▶ EXERCISE DATA

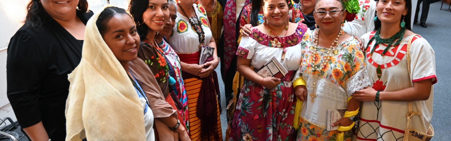 En la conferencia matutina, leyeron la Cartilla de los Derechos de las Mujeres, que ha sido traducida a 35 lenguas originarias: Angélica González Pinillos en náhuatl; Teresa de Jesús Ríos García en mazateco; Marisela González González en otomí; Jéssica Guadalupe Espicio Sebastián en p’urhépecha; Lucía Eugenio Bibiano en popoluca; María del Carmen Álvarez Juárez en chichimeco; María Arcelia Rodríguez Torres en yokot´an; Agustina del Carmen Tah Pech en maya y Dulce Belem Romero Castillo en yaqui.
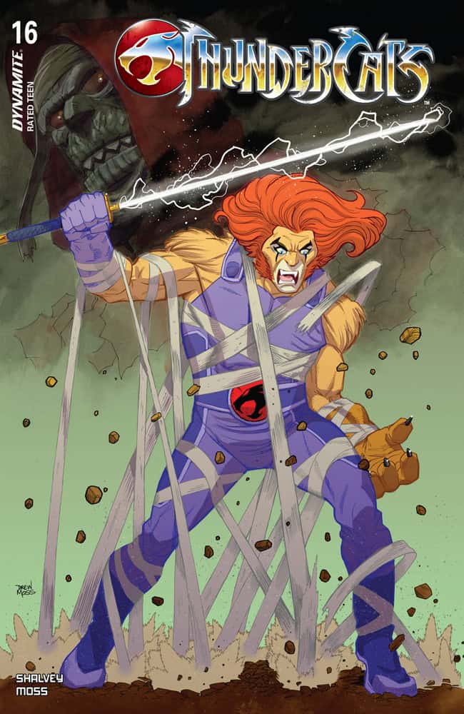 Tireless talents DECLAN SHALVEY and DREW MOSS pull out all the stops for the launch of their fourth story arc in ThunderCats #16 — heralded by celebratory coats of arms from MOSS, SHALVEY, LUCIO PARRILLO, JAE LEE & JUNE CHUNG, MANIX, and a special Teenage Mutant Ninja Turtles homage cover by KEN HAESER!
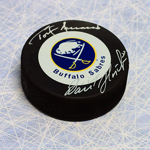 Autograph Authentic HASD113053 Dominik Hasek and Tom Barrasso Dual Signed Buffalo Sabres Vezina Winners Puck
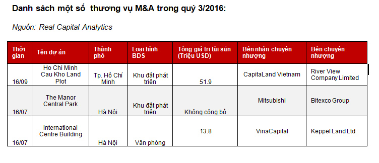 Theo nghiên cứu mới nhất vừa được Công ty Nghiên cứu Jones Lang Lasalle (JLL) Việt Nam công bố, hoạt động mua bán và sáp nhập (M&A) bất động sản Việt Nam trong quý III/2016 chỉ ghi nhận được ba giao dịch đáng chú ý.
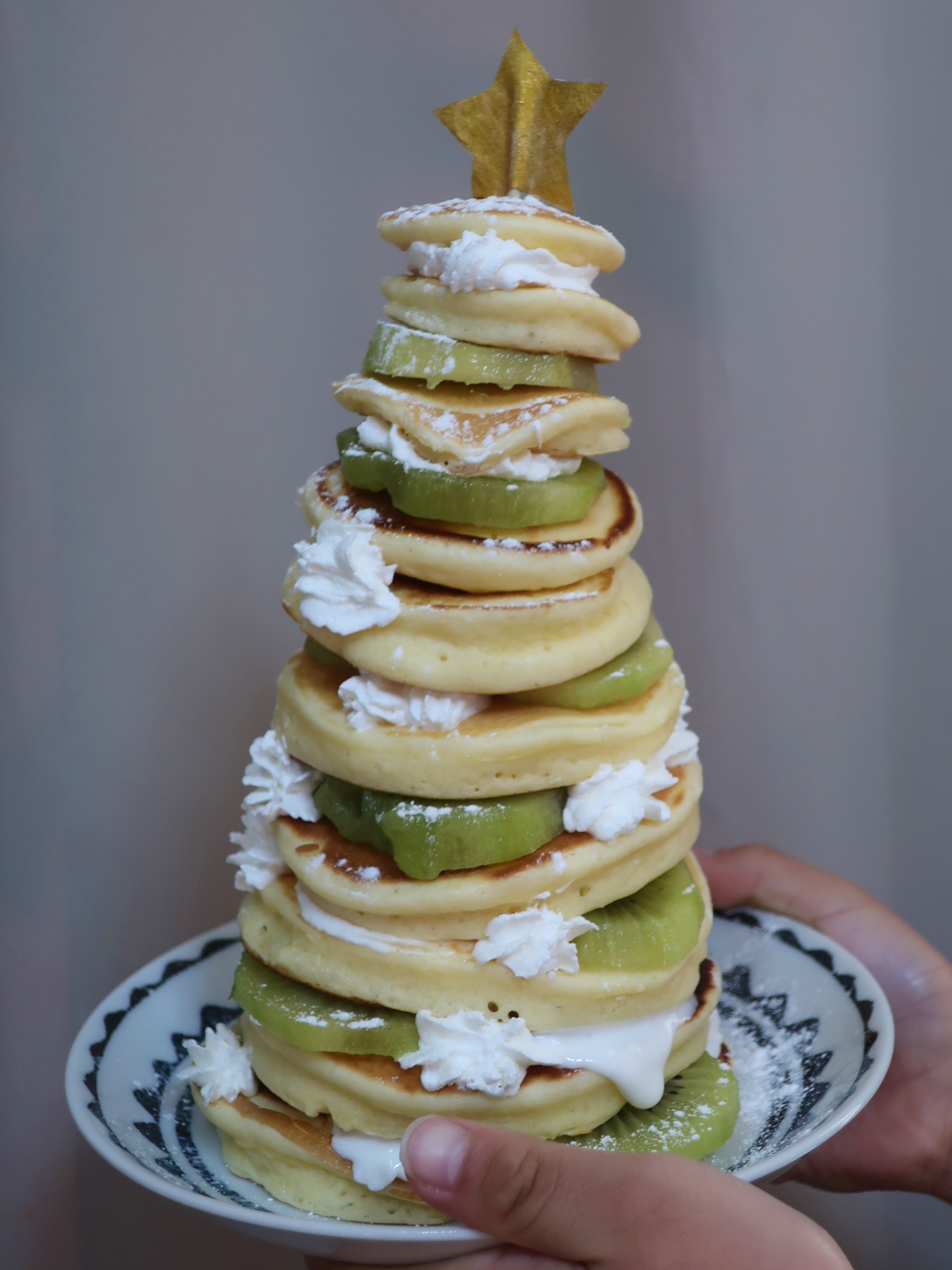 特価のキウイと特価のホットケーキミックスと前回の手作りケーキの残りの生クリーム(冷凍させてた)があったので、パンケーキツリーを作ってみました。

▶ EXERCISE OBJECTIVE
Copy exactly what appears from the line holding "Autograph Authentic HASD113053" to the end of the material, keeping both end lines. Pictures are not part of the copy.

▶ TASK ANSWER
 Autograph Authentic HASD113053 Dominik Hasek and Tom Barrasso Dual Signed Buffalo Sabres Vezina Winners Puck
 Theo nghiên cứu mới nhất vừa được Công ty Nghiên cứu Jones Lang Lasalle (JLL) Việt Nam công bố, hoạt động mua bán và sáp nhập (M&A) bất động sản Việt Nam trong quý III/2016 chỉ ghi nhận được ba giao dịch đáng chú ý.
 特価のキウイと特価のホットケーキミックスと前回の手作りケーキの残りの生クリーム(冷凍させてた)があったので、パンケーキツリーを作ってみました。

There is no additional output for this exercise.